Had you asked me two years ago, I never would have pictured myself in a long distance relationship, especially during college. But then again, I didn't think I would meet a guy worth doing long distance with, either. And now, having been apart for nearly ten months, here are a few things I’ve learned from my long distance relationship:
1. Distance really does make the heart grow fonder.
I know it doesn't get more cliché than that, but it really does make you appreciate every single second you are able to spend together. With reunions come rushes of excitement and overly ambitious weekend plans to make up for a month's worth of dates. What you lose in quantity, you make up for in quality. You can splurge on more expensive dinners or take a day trip somewhere, as opposed to deciding what to watch on Netflix for the third night in a row.
2. He’s still your go-to person for everything.
Just because you're on different paths, leading separate lives in different schools, cities, and states, doesn't change the fact that he’s still your person. He’s the first person you call when you get exciting news, but also when you just miserably failed a test or feel like your world is falling apart. Being there for each other and supporting each other is such an important part of a relationship, especially during the stressful rollercoaster that is college.
3. You don't have to be talking to each other all the time.
You will be busy. You will have tests to study for, research papers to write, classes to attend, extracurricular commitments, plans with friends. The list goes on and on. Setting aside time for a phone call or FaceTime every once in a while is a much more personal way of connecting than constant texting to keep tabs on every little detail.

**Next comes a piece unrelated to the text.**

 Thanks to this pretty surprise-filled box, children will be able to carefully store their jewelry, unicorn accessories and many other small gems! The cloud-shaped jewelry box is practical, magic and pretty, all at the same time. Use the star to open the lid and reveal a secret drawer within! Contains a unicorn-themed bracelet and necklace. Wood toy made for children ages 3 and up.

4. Find new ways to connect.
There’s only so much you can tell each other about your day, schoolwork, and friends. Even if you’ve been together for a long time, awkward silences are still bound to happen. Getting too deep into a routine can get kind of annoying as well. I’ve found that a great way to stay connected is by having something you constantly do together. It can be anything from watching a show or movies together on Netflix to discovering and sharing new music with each other, or even playing an iPhone game together. Since you can’t hang out or go on cute dates, it gives your relationship an added dimension and something extra to bond over.
5. If something is bothering you, express it.

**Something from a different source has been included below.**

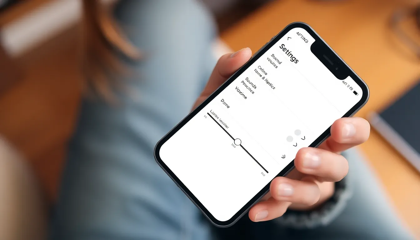 Access the iPhone settings by tapping the gear icon. Scroll down to Sounds & Haptics and select it. In this menu, the Ringer and Alerts section allows volume adjustments. Users can drag the slider left to lower the volume. For a more precise setting, enable the Change with Buttons option. This feature makes it easier to adjust the ringer and alert volumes quickly.

Anyone and everyone knows that communication is key to a healthy relationship. However, it’s way easier said than done, and it took me a while to realize how to actively communicate my feelings rather than hold things in. With distance, it’s harder to gauge how the other person is feeling, and you can’t expect your boyfriend to know what’s going through your mind. Maybe you're just having a rough week and are in need of a little extra affection, but whatever it is, it's always better to talk about it.
6. It’s actually kind of a test.
If you and your significant other can make long distance work, I really believe you can get through anything. It’s definitely not easy, but if you can both approach it with a positive mindset and a heck of a lot of trust, then it’s something worth holding on to.
7. Don’t let your relationship hold you back.
I had many people try to discourage me from going into college in a long distance relationship because they thought it would limit me from getting the full college experience. College is a time of self-discovery and new experiences, and while I can see where they were coming from, being in a long distance relationship has in no way deprived me of that. With that, the best advice I can offer is not to spend your entire day in your room on Skype. Branch out, meet people, hang out with your friends, go to that party, and do everything you can to make the most out of your four years. Ultimately, what matters is that you’re happy, and, while distance totally sucks, love definitely doesn’t.